ILLUSTRATION: CLAUDIA TANTILLO

MOTHER EARTH NEWS readers share their farming advice, fun tips and country folklore, including how to keep birds from eating your freshly sown seed, planting basil and tomatoes together yields a better flavor for tomatoes and a saltshaker is the perfect tool for seeding the garden. 
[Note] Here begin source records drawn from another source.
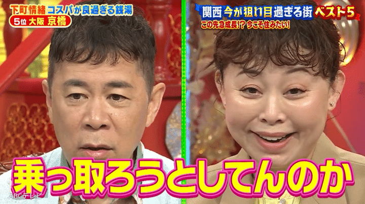 なお、Iさんが愛し過ぎる白玉温泉は、3月4日夜7時から放送されたバラエティ番組『なるみ・岡村の過ぎるTV』(ABCテレビ)で紹介された。3月4日放送回は、いつも月曜夜OAの『なるみ・岡村の過ぎるTV』のゴールデンSP版! “関西この先急成長!? 今が狙い目過ぎる街ベスト5”が発表され、白玉温泉がある京橋は5位にランクインした。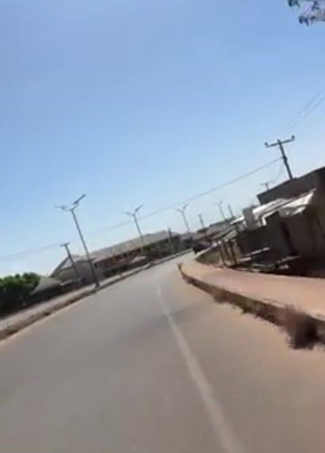 first-person perspective of someone riding a motorcycle on a paved road. The road is lined with streetlights on one side and a sidewalk with some trees and buildings on the other. There are a few cars driving in the distance, and a person walking on the sidewalk. The sky is clear and blue. The motorcycle rider's hand can be seen on the right handlebar.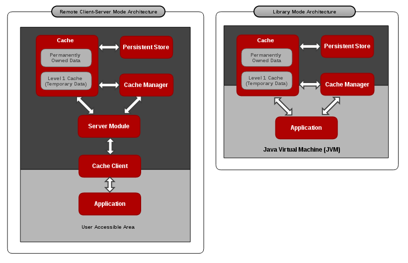 - 図の濃い灰色部分にあるのは、ユーザーが直接対話できない要素です。リモートクライアントサーバーモードでは、永続ストア、キャッシュ、キャッシュマネージャー、1 次キャッシュ、およびサーバーモジュールが含まれます。ライブラリーモードでは、ユーザーは永続ストアおよび 1 次キャッシュと直接対話できません。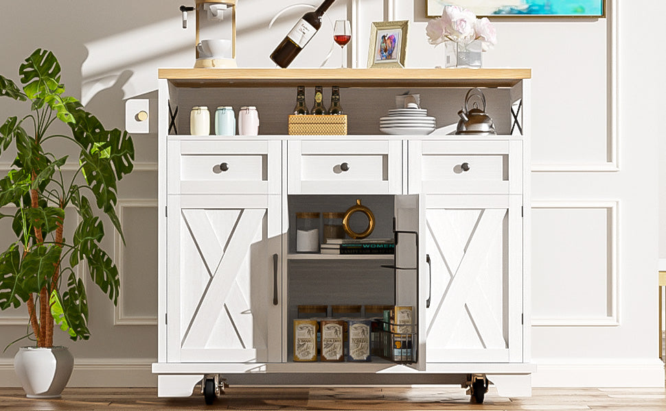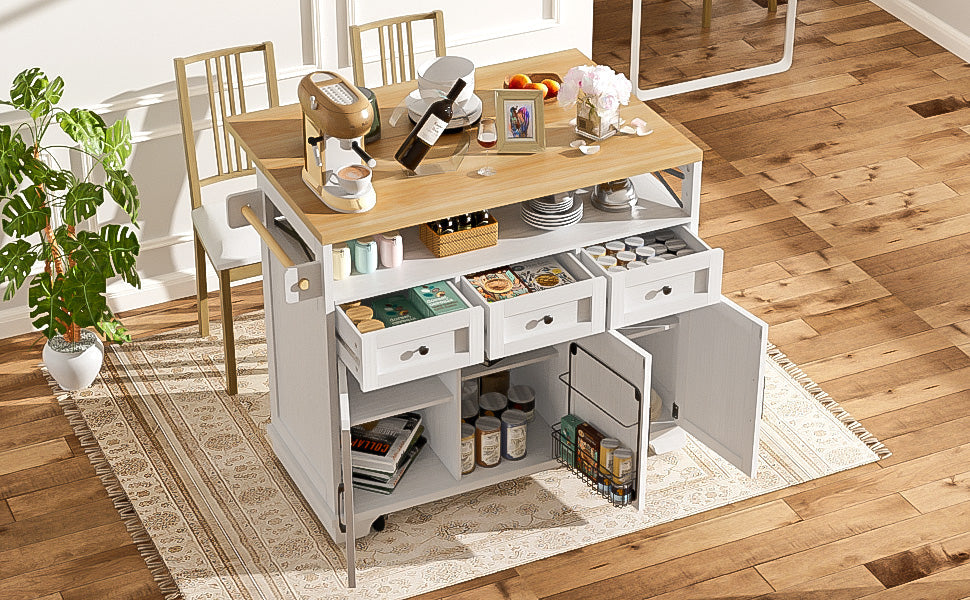 Kitchen Island, Multifunctional with Removable Dividers & Towel Rail, White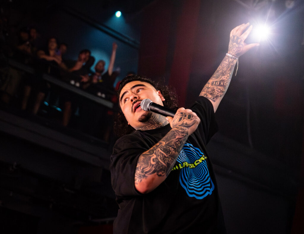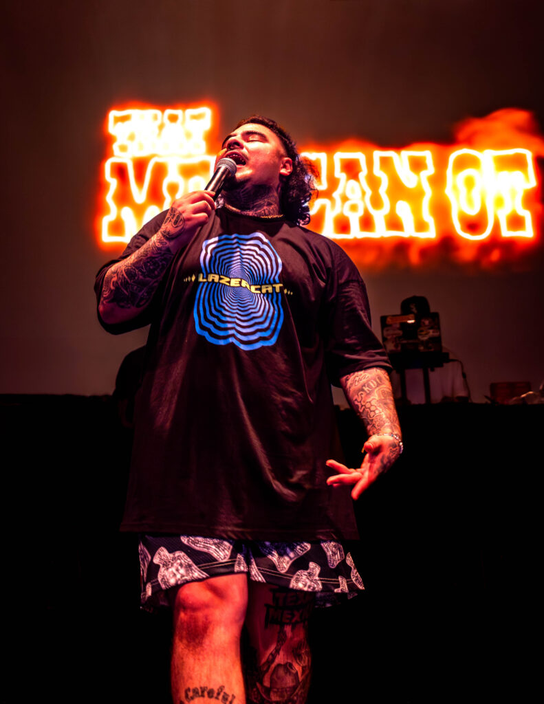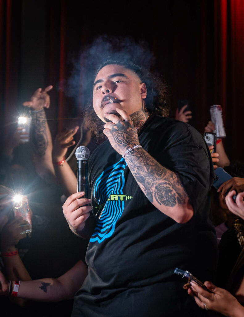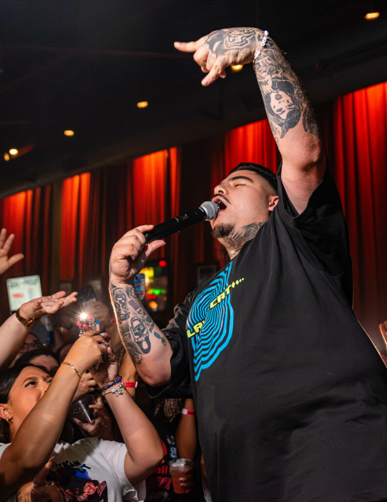 The Lonestar Luchador ran back and forth from one side of the stage to the other like a wrestler going to each turnbuckle hyping up the crowd. He soon decided to hop off stage onto the barricade to touch the people around him and feel the love. He moved all the way across the front of the room, performing in different sections of the barricade, smoking joints, recording videos on people’s phones, and signing autographs before making his way back to the stage all without missing a beat.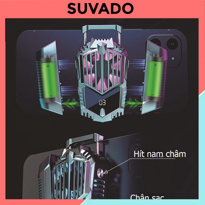 Giới thiệu [Mã ELHA22 giảm 6% đơn 300K] Quạt tản nhiệt điện thoại gaming 2 PIN SẠC sò lạnh cho điện thoại 5v X3A siêu mát SUVADO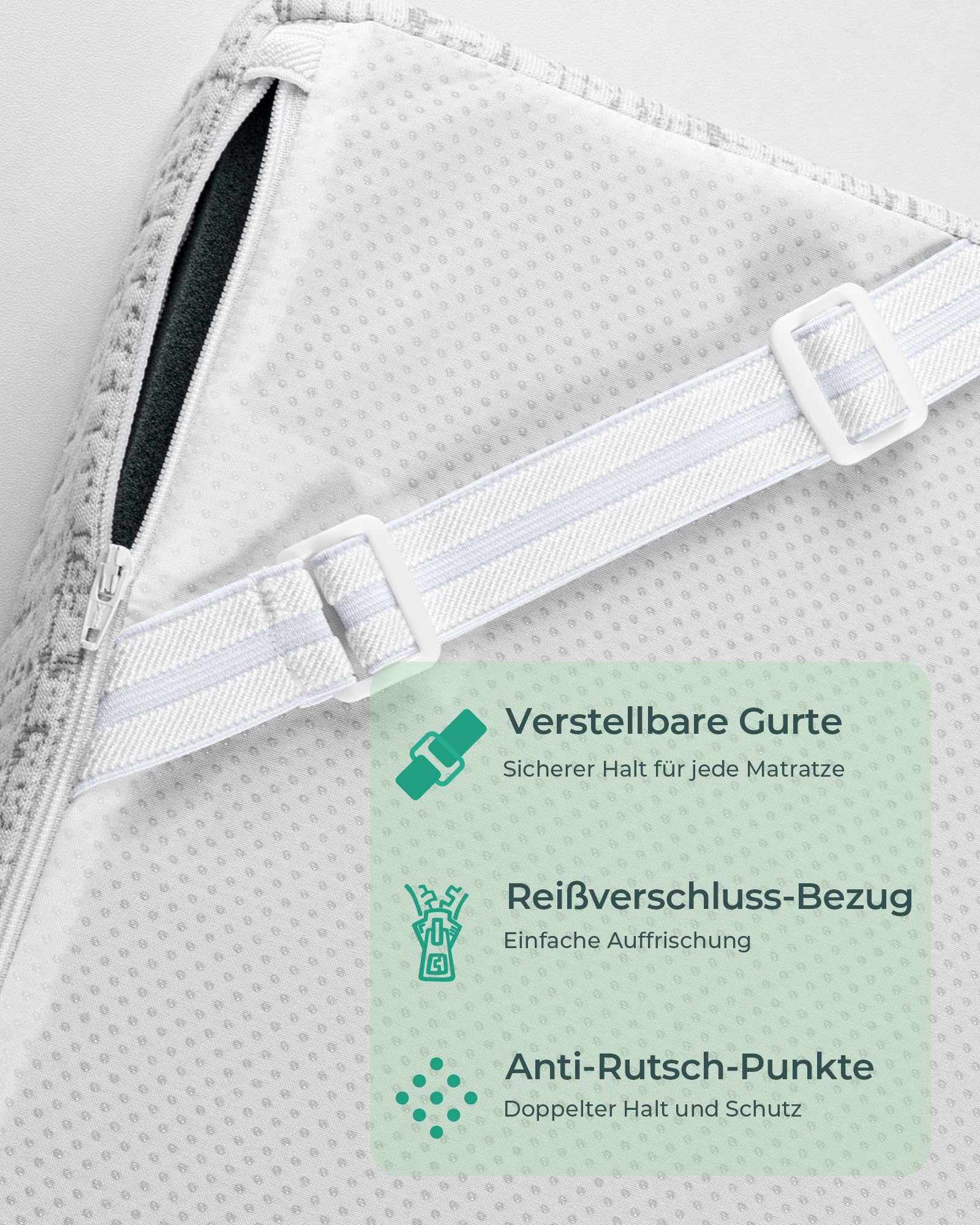 Der atmungsaktive und waschbare Bezug fördert zusammen mit dem Gelschaum ein konstant trockenes und hygienisches Schlafklima. Die rutschfesten Bänder gewährleisten eine unkomplizierte Anwendung und dauerhaften Halt auf jeder Art von Matratze, sei es im Boxspringbett oder auf dem Schlafsofa.

MOTHER's Country Farming Advice and Folklore

Gardens Galore 

For years I had problems with birds pulling up as much as 50% of my germinating sweet corn. A friend advised me to sprinkle lime on the row, and on either side too, just as the corn breaks through the soil. Since doing this I haven't lost a bit of corn.

—Tim Basinger
Campbellsburg, Indiana

The Choice of Experience  

I start more than 500 seedlings in flats each spring, and over many years I've experimented with various bottom-heating methods to speed the sprouting process and promote deep root growth. My time-saving favorite is a large electric food-warming tray (they're fairly common at garage sales and secondhand stores). With the tray's heat control at the lowest setting, an entire flat can be sprouted in 48 to 72 hours. Plastic wrap placed loosely over the top retains moisture. As each flat of seedlings sprouts, I set it under fluorescent lights in our cool basement and keep it moistened with rainwater collected throughout the summer and stored in gallon plastic jugs.